Il trait-d’union tra la musica e alcune sue opere è forte, in particolare con le calligrafie che realizza nel ‘77. Il pennino d’acciaio che intinge nell’inchiostro di china per realizzare i suoi caratteri di fantasia è molto simile allo scacciapensieri: stessa punta metallica, stessa flessibilità. Anche il suono, l’armonia è rintracciabile in quei segni che si rincorrono sulla carta bianca. Alla base c’è anche la memoria della scrittura automatica dei surrealisti.
I caratteri del courier new (quelli della tradizionale macchina da scrivere) sono alla base di un altro lavoro –Tipogrammi– cui si dedica per anni: è del 2005 la pubblicazione del volume Reihe Hier, 500 Typogramme und 10000 Palindrome. Dalla sovrapposizione dei caratteri della stessa dimensione, sempre associati in maniera simmetrica, nasce un repertorio di immagini nuove. Alcune astratte, altre stilizzate che ricordano musi di animali, motivi ornamentali.

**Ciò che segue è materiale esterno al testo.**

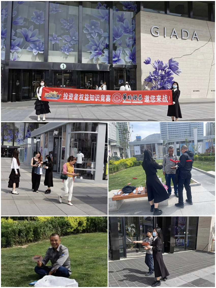 甘肃分公司制作《“股东来了”投资者权益知识竞赛 华林证券邀您来战!》的活动横幅,于2024年5月15日、6月14日在东方红广场国芳百货商圈、地铁口组织员工进行户外宣传。甘肃分公司结合“2024年防范非法证券期货活动”“2024年防范非法集资宣传月活动”,在现场发放“股东来了”宣传扇、《非法集资案例》、《致投资者的一封信》、《理性投资 远离非法证券期货陷阱》、《保护投资者合法权益》、“防范非法集资”、“反洗钱” “心系投资者 携手共行动”宣传折页、册籍等宣传品,开展多样化现场宣传。甘肃分公司在增强投资者金融投资知识、树立理性投资理念的同时,积极邀请投资者参与“股东来了”投资者知识竞赛活动,在整个宣传过程中,投资者能主动了解金融知识,热情高涨,并针对非法证券期货案例进行交流沟通,取得了良好的效果与反馈。

Anche il riferimento alla poesia visiva e concreta è tangibile. Altro possibile spunto di riferimento è la pop art, sempre in una visione molto personale dell’autore, come nel Risonatore (1998), la tromba smaltata di nero del clacson di un camion e la Sedia (1997). Quest’opera non è che un oggetto che fa parte della sua storia: una vecchia sedia azzurra che, restaurata più volte, infine cambia destinazione d’uso. Perde la tridimensionalità a favore di un assemblaggio bidimensionale in cui la simmetria delle listelle di legno rimanda ad uno schema geometrico.
Non è un caso che nella stessa nicchia della parete accanto a questa opera sia esposta lo Schematoide (1997), un oggetto composto da 33 bacchette di legno che l’artista ha realizzato pensando al teschio di Lucy, metà scimmia e metà uomo primitivo. L’essenzialità del gioco di linee orizzontali e verticali rimanda proprio all’icona delle maschere africane.
Il messaggio è chiaro, l’artista svizzero non vuole certo scioccare lo spettatore con l’estrema fluidità e leggibilità delle sue opere -soprattutto dei dipinti figurativi (è dichiarata la sua ammirazione per Lovis Corinth (1858-1925), pittore vicino all’impressionismo)- testimoni di una realtà visiva ed emotiva che è tutta sua, ma che esula da possibili interpretazioni. Perciò niente doppi sensi, né messaggi ambigui o cervellotici.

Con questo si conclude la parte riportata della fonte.